Parishioner Catherine Chong regularly uses the material on FORMED and says its wide range of authentically Catholic content made the service highly attractive.

“Some people have referred to FORMED as a Catholic Netflix, which is so apt, but actually it is more than Netflix as apart from videos, there are also study programs, audio talks and books,” she says.

“With thousands of resources for everyone from those making early enquiries about the Catholic faith to Catholics wanting to deepen their faith, there is something for everyone.

“Most importantly, I feel assured that what I view, listen to or read comes from credible Catholic sources. I would certainly recommend FORMED to individuals and parishes.”

Other services and future possibilities

There are other Catholic services starting to appear internationally. In March 2020, Poland launched its own Catholic streaming service, “Katoflix”, and just a few months later “VatiVision” was launched in Italy. Both services seek to provide viewers with paid access to Christian and religious content, including films and series on topics such as faith, the meaning of life and the lives of the saints.

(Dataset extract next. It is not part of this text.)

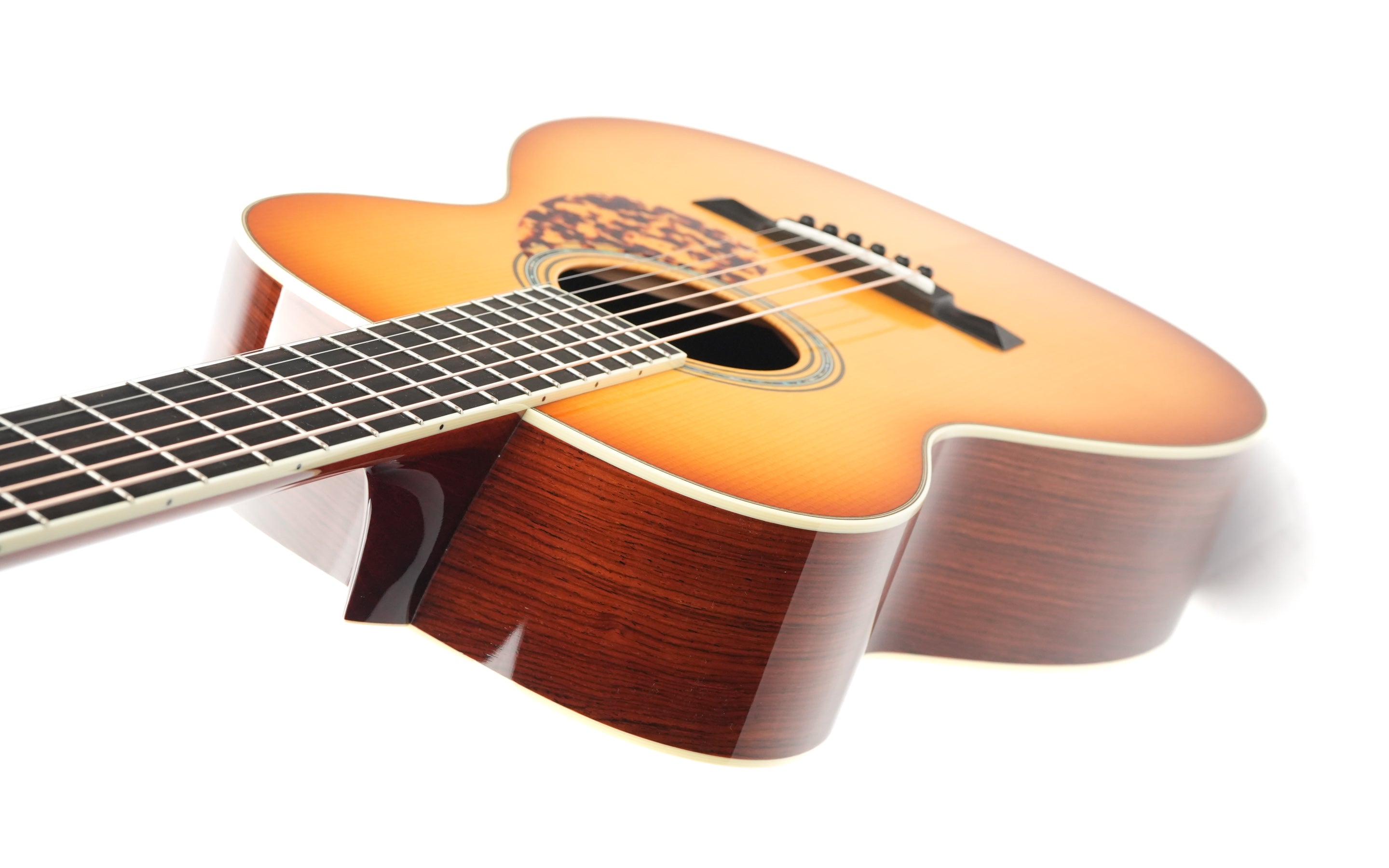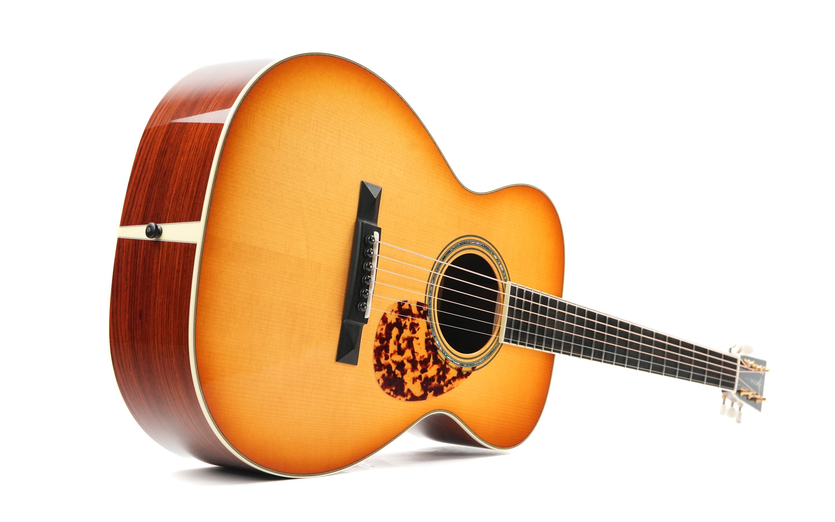 Diese maßgefertigte 03A mit 14 Bünden und Western-Shaded-Finish auf der Adirondack-Fichtendecke besticht durch einen ausgewogenen und vollen Klang mit ausgeprägten Bässen und hoher Lautstärke, dank der gelungenen Holzkombination. Boden und Zargen aus Cocobolo sind für sich genommen schon atemberaubend schön und ergänzen die Decke klanglich und optisch perfekt.

At the time of the launch of VatiVision, the head of the Vatican communications department, Paolo Ruffini, described the new service as providing “the beauty of being able to connect the past, the present and the future and to offer a response to the questions that in some sense we all have.”[iii] The growth of such services in the coming years has the potential to radically improve Catholics’ knowledge of their faith and expose the rest of the world to the richness of Catholicism. But it will require time and effort.

Time and effort to research and learn about the different streaming services available, and their level of suitability, for example. Parishes looking to run formation courses for keen parishioners might sign up for a trial of FORMED; parents searching for wholesome evening entertainment for the family might try watching a series on Shalom World for a month; individuals aspiring to delve deeper into the mysteries of their Catholic faith might like to explore the wide range of documentary-style material provided by EWTN. And if the chosen service doesn’t meet your needs, try another one. For within the realm of Catholic streaming services, there truly is something for everyone.